🤖 AI Summary
This work addresses the challenge of attributing SLA violations in multi-vendor 6G networks, where AI-driven closed-loop orchestration lacks transparency and auditability. To tackle this, the authors propose a hybrid framework integrating responsible AI (RAI) game-theoretic principles with stochastic optimization, embedding fairness, robustness, and auditability directly into the network control loop. The framework employs dynamic adversarial reweighting and probabilistic exploration to adaptively adjust decision weights across vendor domains while logging AI decision trajectories to establish a dual-layer accountability mechanism at both user and operator levels. Experimental results on synthetic datasets demonstrate that the approach improves worst-group accuracy by 10.5% (reaching 60.5%), achieves an average accuracy of 72.7%, and enables precise attribution of 99% of SLA violations to specific AI entities, significantly outperforming RAI-GA and ERM baselines.
📝 Abstract
The convergence of AI and 6G network automation introduces new challenges in maintaining transparency, fairness, and accountability across multivendor management systems. Although closed-loop AI orchestration improves adaptability and self-optimization, it also creates a responsibility gap, where violations of SLAs cannot be causally attributed to specific agents or vendors. This paper presents a hybrid responsible AI-stochastic learning framework that embeds fairness, robustness, and auditability directly into the network control loop.

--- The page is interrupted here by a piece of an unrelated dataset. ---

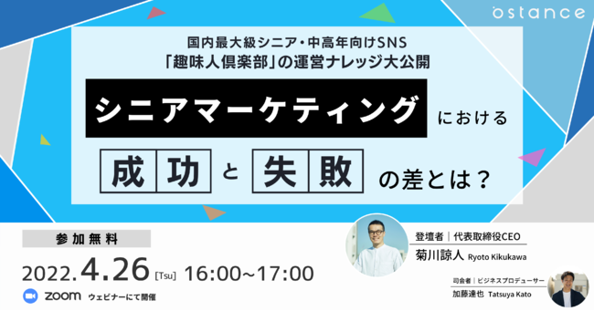 趣味人倶楽部を運営する株式会社オースタンス(本社:東京都新宿区/代表取締役:菊川諒人)は、「シニアマーケティングにおける成功と失敗の差とは?」をテーマにオンラインセミナーを、 2022年4月26日(火)16:00~17:00に開催いたします。
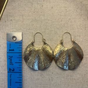 These are bohemian style gold tone dangle earrings. They are about 2” long and a little on the heavier side. Purchased handmade from Etsy.

The framework integrates RAI games with stochastic optimization, enabling dynamic adversarial reweighting and probabilistic exploration across heterogeneous vendor domains. An RAAP continuously records AI-driven decision trajectories and produces dual accountability reports: user-level SLA summaries and operator-level responsibility analytics. Experimental evaluations on synthetic two-class multigroup datasets demonstrate that the proposed hybrid model improves the accuracy of the worst group by up to 10.5\%. Specifically, hybrid RAI achieved a WGAcc of 60.5\% and an AvgAcc of 72.7\%, outperforming traditional RAI-GA (50.0\%) and ERM (21.5\%). The audit mechanism successfully traced 99\% simulated SLA violations to the AI entities responsible, producing both vendor and agent-level accountability indices. These results confirm that the proposed hybrid approach enhances fairness and robustness as well as establishes a concrete accountability framework for autonomous SLA assurance in multivendor 6G networks.